I had a conversation that upset me a little today. I said “You can’t be an anarchist and have a cell phone.” The person I was talking to disagreed, and asked me why not.

Because the cell phone networks are publicly funded and built by the government, I said, it doesn’t make sense to take advantage of that if you’re an anarchist.

My friend still disagreed, and said that she knew people who were on welfare who were anarchists.

I thought that was hypocritical. She said, I guess it depends on your definition of anarchy. I steered away from the topic. I don’t actually want to alienate a friend over political differences.

But here’s the definition of anarchist, from the dictionary: “A person who believes in or tries to bring about anarchy.”

And the definition of anarchy, also from the dictionary: “A state of disorder due to absence or nonrecognition of authority.”

I respect the philosophy. I can understand why a person would adopt it, and can imagine circumstances when that person would be me. However, when you collect welfare or use a cell phone, or even walk on the public roads or use the public healthcare or live in a  house built according to government building codes, you are not being an anarchist.

You are recognizing authority by doing the things they require you to do to enjoy these benefits: You fill out the forms and obey the rules for welfare, you pay for your cell phone contract, you choose to pay the rent instead of living in a home that you built yourself in defiance of building codes, you obey the rules of the road enough to not get tickets.

That’s not anarchy.

I have some strong feelings of disrespect toward people who collect welfare while claiming to be in favour of dissolving the government or refusing to submit to authority, but those are just feelings. The principle that I act on is that there is enough wealth in the world for everyone to eat and be sheltered, so everyone should eat and be sheltered. I’ll work towards that even if I have to do more than what I perceive is my fair share.

I prefer to work for a living than be idle, and I prefer to contribute to the economy than drain it. But if I could spend my days building motorcycles and throwing parties without having to worry about earning a living, I would, and I think that’s the kind of life a lot of anarchists are after as well.

It’s just that anarchy doesn’t scale very well, with 7 billion people in the world. There’s room and food for everyone if we work together, but if everyone’s living in little hippy communes of a few hundred people or less, it’s hard to achieve a level of organization and efficiency to make that possible.

So I’m not going to talk shit about anarchy or anarchists in general. But collecting welfare isn’t anarchy, and neither is owning a cellphone.

2 thoughts on “Anarchy

  1. Hi Shannon,
    You can still be an anarchist and use a cellphone or be on welfare, such as if your community and your surroundings– like nature– has been co-opted by the State. You can also leverage welfare and your cellphone to subvert the State.

    Perhaps it’s a little like if relatives of roadkill could climb into an idling car and use it to run over some humans.
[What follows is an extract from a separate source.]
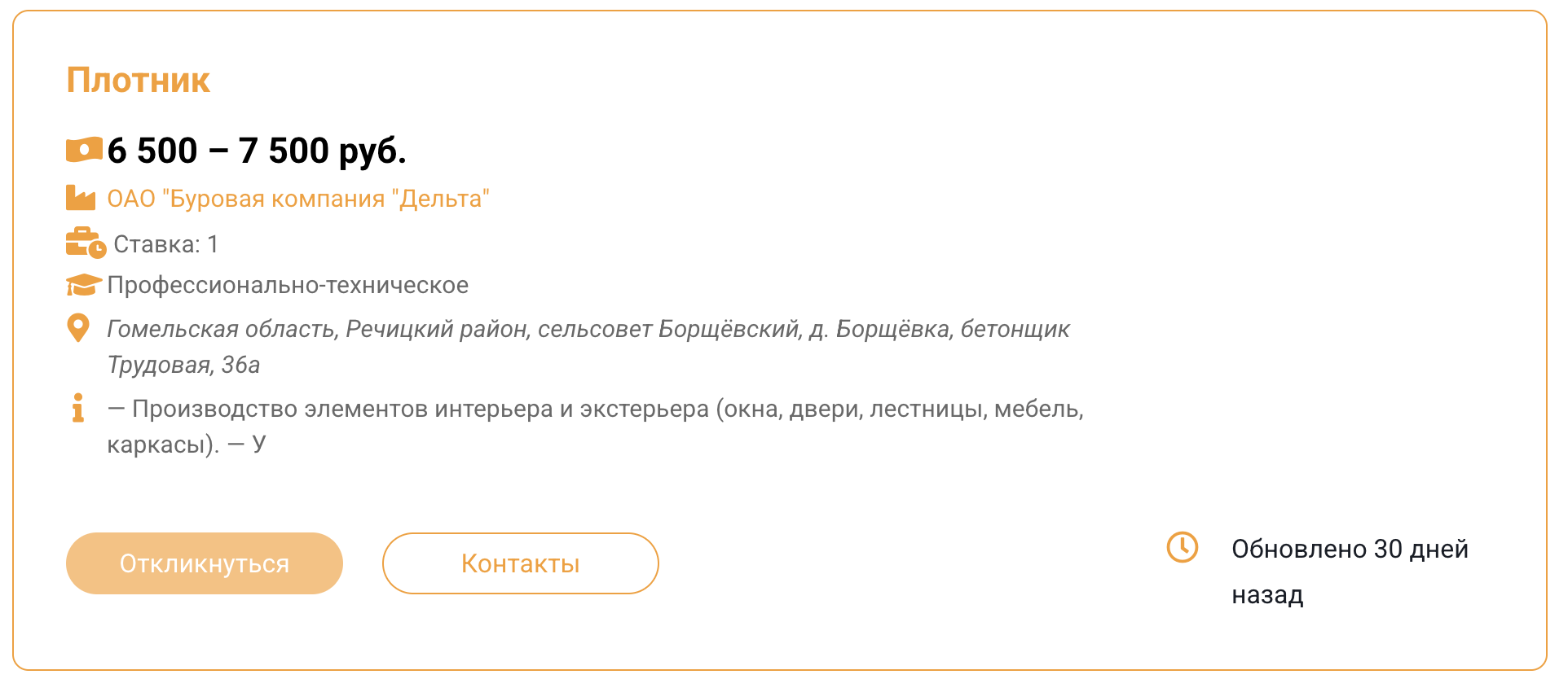 Плотник, зарплата от 6500 до 7500 рублей

  2. Work is often referred to as wage-slavery– look it up– and governments ostensibly skim people’s salaries as taxes to pay for cellphone networks, whether people like it or not.
    IOW< AFAIK, they do this generally without permission. IOW, it's not a crowdsourced or opt-in/opt-out thing.
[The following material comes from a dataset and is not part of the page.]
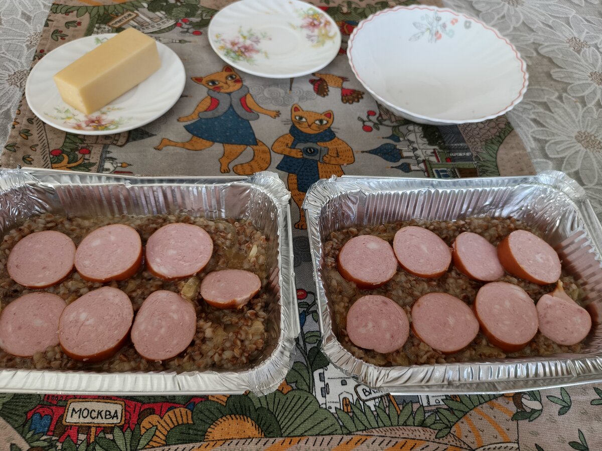 Потом выкладываем шпикачки

    Since we are social creatures and need each other to thrive, perhaps even survive, it seems to make little sense to expect people who disagree with many forms of work or State-funded things like cellphone networks to simply move to the woods– crown land anyway– and live essentially alone. This, while others, perhaps like you, contribute to a crony-capitalist plutarchy pseudoeconomy ('pseudo', because it's not truly economic) that's taking the planet and people down with it.